The Frailty of Modern Art.—The old masters made their own colors. The material which entered into their pigments came to them unadulterated, and the excellence of the paint depended on the brain mixed in it. Hence, their paintings to-day, though lacking somewhat freshness of color, have a mellowness which age can only give to pigments of the highest excellence. Modern pictures will not ripen, their colors fade, and the mellowness of the old masters is unattainable. Holman Hunt, of England, has called the attention of lovers of the fine arts to this deplorable fact. And the reasons are given. The artist's colors are no longer made by himself. Their manufacture is a business from whose secrets he is shut out. Artist's colors are subject to fearful adulteration. Even the oils cannot be genuine, as things go. The materials of which they are made go to the maker in a sophisticated state. Linseed and poppy-seed are adulterated before they reach the oil-maker's hands. So too, is it generally with the crude material for the pigments. A high-priced vermilion from an eminent dealer, upon analysis, yielded twelve per cent, of red lead. So the artist, who puts his whole life and soul into a painting that should be "a joy forever," has this immortality of art quenched by the use of dishonest paint.
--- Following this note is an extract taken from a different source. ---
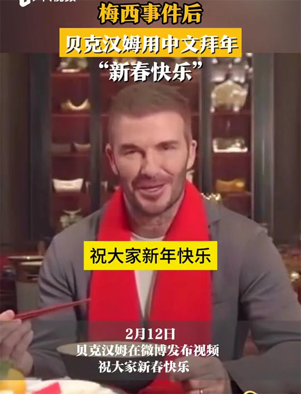 其实是贝克汉姆的举动,在中国春节来到的时候,贝克汉姆也是特意录制了视频,并且用中英文喊话“新春快乐”向中国球迷拜年,从贝克汉姆的举动上,我们能够清晰的感受到贝克汉姆并不愿意被卷入到这一场梅西拒绝上场的风暴中,贝克汉姆并不想失去中国市场,哪怕他主导的迈阿密国际以后很难敲开我们的大门,贝克汉姆也是选择了丢车保帅,保住自己的个人IP,这或许也是事情进行到现在,贝克汉姆没有替梅西出头发声的原因。
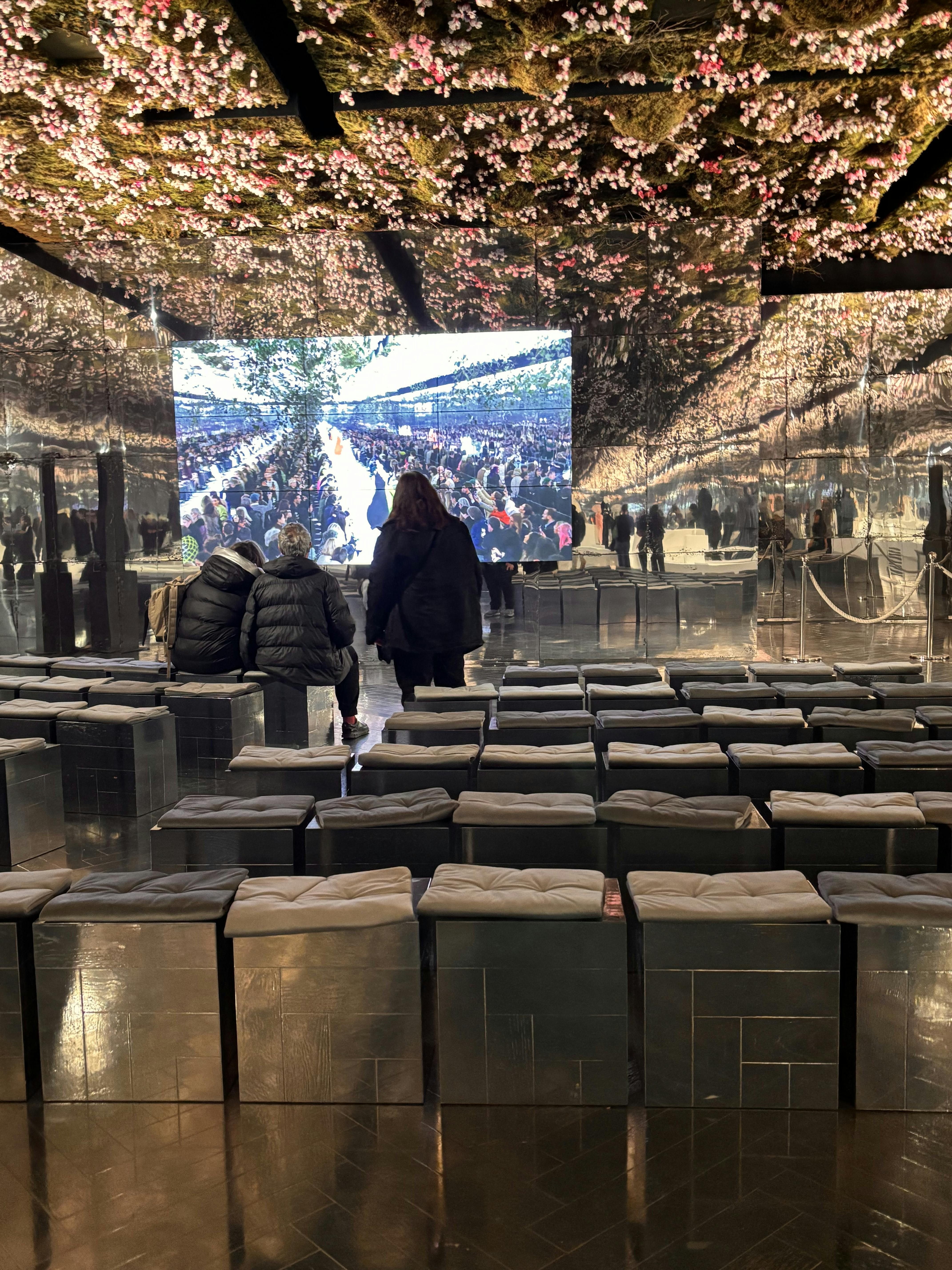 広々としたミュージアムホールには、アーチ型のガラス天井、彫刻、そしてベンチを歩いたり座ったりする訪問者がいます。

Oscillations of Lakes.—The "seiches" of the lake of Geneva have for several years, as we learn from Nature been under investigation by Forel, of Lausanne. The term "seiche" is applied locally to certain oscillatory movements occasionally seen on the surface of the lake. The phenomenon had been investigated by previous observers, among them Saussure and Yaucher, who attributed it to variations in atmospheric pressure; in this, Forel agrees with them. The same phenomenon occurs in other Swiss lakes, and Forel believes it will be found in all large bodies of water. He recognizes in the "seiche" probably the most considerable and the grandest oscillatory movement which can be studied on the surface of the globe. His investigations have led him to the conclusion that the "seiche" on the Swiss lakes is an oscillatory undulation, having a true rhythm, and that the phenomenon is not occasional, but constant, though varying in degree. The duration of a "seiche" is a function of the length and depth of the section of the lake, along which it oscillates; this duration increases directly with the length, and inversely with the depth of the lake. The instrument he has devised for the investigation of the phenomenon he calls a plémyramàtre ("tide-measurer").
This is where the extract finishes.